Particularmente na América Latina, os grafites carregam uma questão que é bastante legítima, trata-se da ocupação das cidades, só que desta vez, conforme aponta MELENDI (2003), “não é a autoridade que invade nossos espaços, mas uma força que vem das margens da república democrática, um produto

residual dos longos anos da ditadura e do descaso do estado neoliberal”

[...] a década de 1980 na América latina [...] constituía um terceiro grande momento do grafite contemporâneo, logo depois de Paris de 68 e de Nova York do início dos anos 70, com seus movimentos rebeldes e juvenis do subway.(SILVA, 2001, p.4)

Segundo Silva (2001), durante a década de 80 os grafites se expandiam na América latina; na Colômbia, no Peru, no Equador, na Argentina, no Brasil, no Uruguai, no México e na Venezuela pela mesma razão das lutas de libertação, por tradição guerrilheira e pelos novos ares de renovação estilístico- plástica e movimentos políticos e universitários. Em todos os casos estava em questão buscar outras formas de tomar posição conta a hipocrisia social e o autoritarismo.

No Chile, surge, uma experiência bastante peculiarl de pintura urbana, as brigadas muralistas; Ramona Parra, Inti Peredo, Elmo Catalán. São grupos compostos por operários, estudantes secundaristas e universitários que atuam nas ruas produzindo pinturas coloridas que mesclam iconografia popular, fatos cotidianos com forte conteúdo político e artístico. (Fig. 49 - 50)

Nasceram clandestinamente como forma de luta política, na década de 70 e tiveram grande difusão em todo país durante a campanha do presidente socialista Salvador Allende.

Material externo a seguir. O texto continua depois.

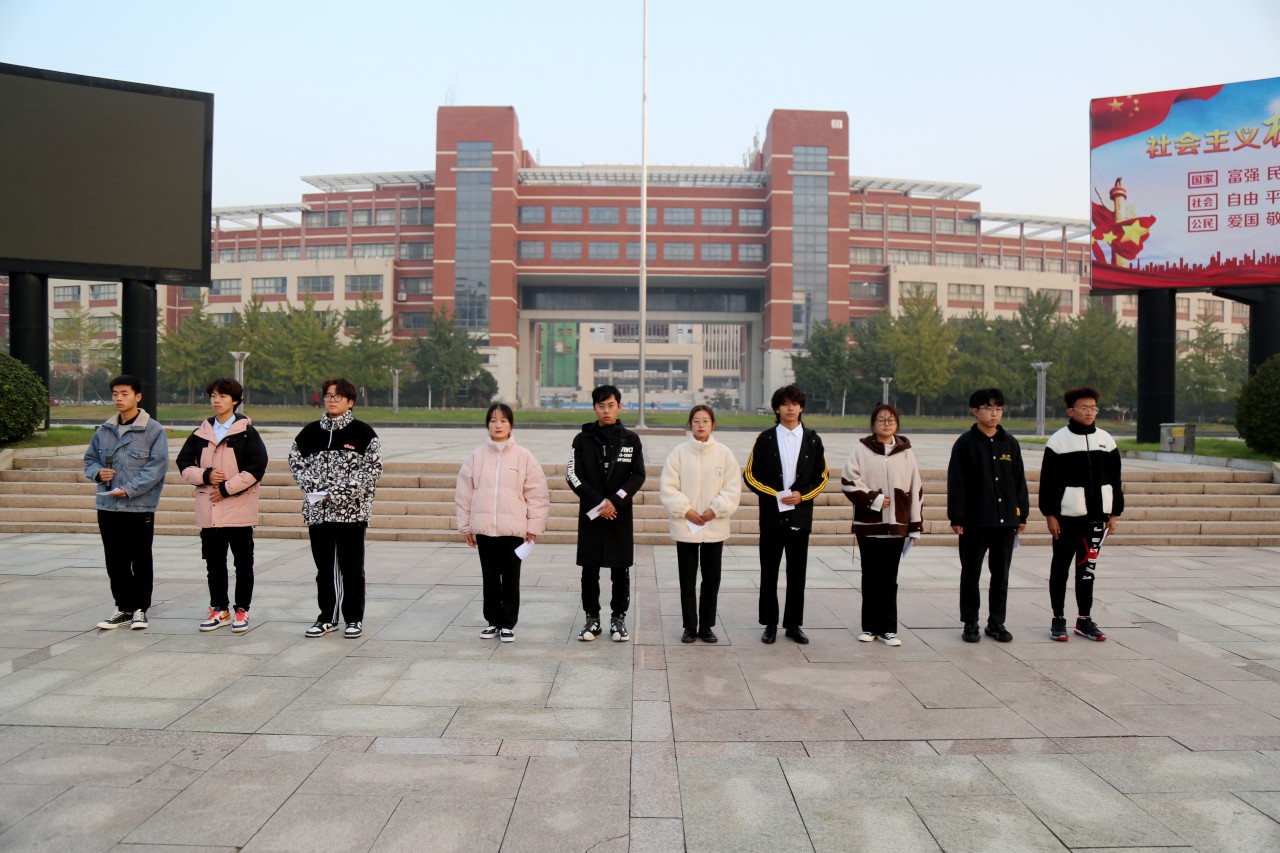 升旗仪式后,学生代表在国旗下诵读革命先烈“十一书”。十月清晨,学生代表在晨光中的诵读声情并茂,让同学们了解了赵一曼、夏明翰、陈毅安等革命先烈的英雄故事,领略到了他们用生命书写忠诚、用鲜血捍卫信仰、用热血滋养中国的无我精神。深秋天寒,但每个人内心都热血沸腾。在场的师生仿佛身临其境,感受到了当年先烈们的无畏与伟大,并向他们致以最崇高的敬意。

Em grandes cidades da América Latina, hoje as vertentes dos grafites se misturam: a iconografia popular, e a monumentalidade muralista e forte influência novaiorquina a outras vertentes ligadas ao “movimento”

street art que tem crescido muito

nos últimos anos. A vertente política dos grafites surge, mesmo que de forma reprimida, nos períodos dos regimes autoritaristas, como formas expressivas e de crítica social e como resistência às forças opressivas do Estado. Mas também eles se propagam nos períodos democráticos, como forma de afirmação da liberdade e autonomia dos cidadãos.

FIGURA 51

FIGURA 52

Na Argentina durante o período da crise econômica no final de 2001 houve uma grande onda de grafites stencil. (Fig. 52-53) Vários grupos surgiram chamando a atenção das pessoas pela ironia, humor, criatividade evidenciando forte senso crítico, social e político Grupo Vomito atack, BsAsstncl de Buenos Aires e Grupo Escombros. Os grafites stencil tomam um lugar bastante legítimo na esfera social na Argentina. No universo estético dos grafites coexistem temas mais diversos, muitos grupos recorrem de forma bastante criativa e crítica a temáticas que englobam a cultura popular juvenil, a personagens célebres, ligadas a música, ao esporte e a temas que estejam em voga como, criticas as guerras imperialistas, questões decorrentes da globalização, causas ambientalistas.

Os grafites possibilitam a jovens artistas que manterem atividades articuladas, hoje facilitadas pela internet, com movimentos de vários países. A intencionalidade política destes grafites funciona não como tomada de poder, mas como consciência de um desejo de um mundo multiparticipativo, de ação cidadã e de exercício de autonomia.